BlackBerry and Intezer specialists spoke about the new Symbiote Linux malware that infects all running processes on compromised systems, steals credentials and provides backdoor access to its operators.
Let me remind you that we also said that Google Offers up to $91,000 for Linux Kernel Vulnerabilities, and also that Experts list 15 most attacked Linux vulnerabilities.
Infiltrating all running processes, the malware acts as a system-wide parasite, leaving no noticeable signs of infection, so it is difficult to detect Symbiote even with careful and in-depth study.
The development of Symbiote is believed to have started in November 2021, after which the attackers mainly used the malware to attack the financial sector in Latin America, including banks such as Banco do Brasil and Caixa.
Instead of a regular executable file, Symbiote is a shared object (SO) library that is loaded into running processes using the LD_PRELOAD function so that the dynamic linker will load malware into all running processes and infect the host.

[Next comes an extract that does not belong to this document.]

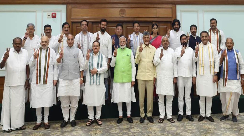 ନୂଆଦିଲ୍ଲୀ: ଲୋକସଭା ନିର୍ବାଚନ ଫଳାଫଳ ପ୍ରକାଶ ପାଇବା ପରେ ଦିଲ୍ଲୀରେ ସରକାର ଗଠନ ପାଇଁ ଏନଡିଏ ବୈଠକ ଶେଷ ହୋଇଛି। ଏହି ସମୟରେ ନୀତୀଶ କୁମାର ଏବଂ ଚନ୍ଦ୍ରବାବୁ ନାଇଡୁଙ୍କ ବିଷୟରେ ବଡ ଖବର ଆସୁଛି। ସୂଚନାନୁସାରେ, ନୀତୀଶ କୁମାର ଏବଂ ଚନ୍ଦ୍ରବାବୁ ନାଇଡୁ ଏହି ବୈଠକରେ ସମର୍ଥନ ପତ୍ର ଦାଖଲ କରିଛନ୍ତି। ଏଭଳି ପରିସ୍ଥିତିରେ ବର୍ତ୍ତମାନ ସମ୍ଭବ ଯେ, ଏନଡିଏ ବୈଠକ ପରେ ସମସ୍ତ ନେତା ସରକାର ଗଠନ ପାଇଁ ଦାବି ଉପସ୍ଥାପନ କରିବେ। ସୂଚନାନୁସାରେ ଆଜି ନିଜେ ଏନଡିଏ ନେତାମାନେ ଏକ ଘଣ୍ଟା ମଧ୍ୟରେ ରାଷ୍ଟ୍ରପତି ଭବନକୁ ଯାଇପାରନ୍ତି। ପ୍ରଧାନମନ୍ତ୍ରୀଙ୍କ ବାସଭବନରେ ଆୟୋଜିତ ଏନଡିଏ ବୈଠକରେ ଅନୁପ୍ରିୟା ପଟେଲ, ମହାରାଷ୍ଟ୍ର ସିଏମ ଏକନାଥ ସିନ୍ଦେ, ପୱନ କଲ୍ୟାଣ, ଜୟନ୍ତ ଚୌଦୁରୀ ମଧ୍ୟ ଉପସ୍ଥିତ ଥିଲେ। ଏହି ଲୋକସଭା ନିର୍ବାଚନରେ ବିଜେପି ସଂଖ୍ୟାଗରିଷ୍ଠତାର ଅତିକ୍ରମ କରିପାରିବ ନାହିଁ। ଏହି କାରଣରୁ ଜେଡିଏର ନୀତୀଶ କୁମାର ଏବଂ ଟିଡିପିର ଏନ ଚନ୍ଦ୍ରବାବୁ ନାଇଡୁ ଏନଡିଏ ସରକାର ଗଠନରେ କିଙ୍ଗମେକରଙ୍କ ଭୂମିକା ଗ୍ରହଣ କରୁଛନ୍ତି। ଏନଡିଏ ବୈଠକରେ ପ୍ରତ୍ୟେକ ଦିଗ ଉପରେ ଆଲୋଚନା ହେଉଛି। ଏହି ଲୋକସଭା ନିର୍ବାଚନରେ ବିଜେପି ୨୪୦ ଟି ଆସନ ଜିତିଛି, ଯାହା ସଂଖ୍ୟାଗରିଷ୍ଠତା ଠାରୁ ୩୨ କମ୍ ଅଟେ। ଟିଡିପି ଏବଂ ଜେଡିୟୁରେ ମୋଟ ୨୮ ଟି ସିଟ୍ ରହିଛି। ବିଜେପିର ଅନ୍ୟ ସହଯୋଗୀମାନଙ୍କ ସହ ମିଶି ଏନଡିଏ ସଂଖ୍ୟାଗରିଷ୍ଠତା ଅତିକ୍ରମ କରିବ।

This approach was previously used by other malware, including Pro-Ocean and Facefish. Also, these actions help the malware get priority over other SOs.

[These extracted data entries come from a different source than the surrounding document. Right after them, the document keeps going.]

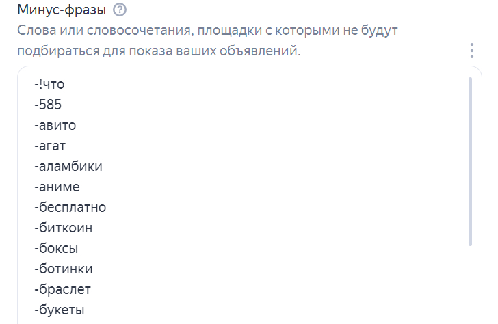 Например, если вы продаете товары и услуги за высокий чек, вы можете использовать минус-слова, такие как "дешевые". Таким образом, по запросам содержащим это слово, показов не будет. Если не исключить такие запросы, скорее всего, конверсия у них в рекламе дорогих товаров и услуг будет очень низкой.
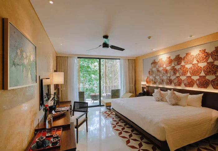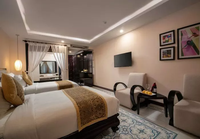 Majoitut lähtökohtaisesti Deluxe-huoneessa ensimmäisessä kerroksessa. Sisustus on moderniin vietnamilaiseen tyyliin, jossa yhdistyy kauniit mosaiikkiyksityiskohdat ja rauhallisine sävyt. Huoneessa on joko king size -vuode tai erilliset vuoteet, ilmastointi, minibaari, tee- ja kahvinvalmistusvälineet sekä WiFi. Kylpyhuoneessa on kylpytuotteet ja sadesuihku. Yksityiseltä parvekkeelta avautuu näkymä hotellin vehreälle etupihalle.
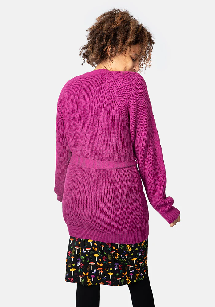 Magenta Long Line Cable Sleeve Cardigan
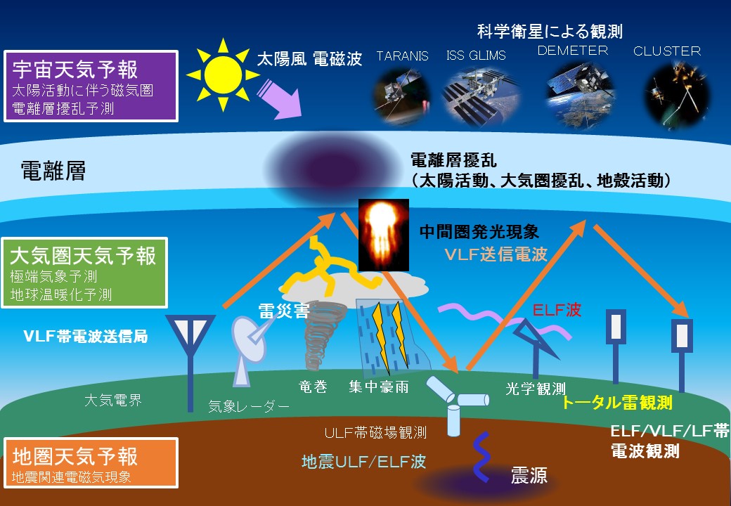 電磁波工学、人工衛星、プラズマ、電離層、ULF、ELF、VLF、Qds、中間圏発光現象(レッド・スプライト)、地圏・大気圏・電離圏結合、GLIMS、国際宇宙ステーション、雷放電、地震予知、宇宙天気予報、シューマン共振、極端気象予測、世界気候変動、トータルライトニング

Thus, with the help of the libc and libpcap functions, Symbiote can perform various actions to hide its presence in the system. For example, hide parasitic processes, hide files deployed with malware, and so on.
In addition to hiding its presence in the file system, Symbiote is also able to hide its network traffic using the Berkeley Packet Filter (BPF). This is done by injecting malware into the process and using BPF to filter the results that reveal its activity.

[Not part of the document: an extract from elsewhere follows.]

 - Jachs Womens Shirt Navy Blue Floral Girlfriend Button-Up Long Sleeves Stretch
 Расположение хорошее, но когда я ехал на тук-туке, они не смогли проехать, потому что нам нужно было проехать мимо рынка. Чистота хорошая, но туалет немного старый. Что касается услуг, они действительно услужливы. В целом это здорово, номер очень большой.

According to the researchers, Symbiote is now mainly used to automatically collect credentials from hacked devices (via libc read). The fact is that the theft of administrator credentials opens the way for attackers to unhindered lateral movement and gives unrestricted access to the entire system.
In addition, Symbiote provides its operators with remote SHH access to the infected machine via PAM, which allows attackers to gain root privileges.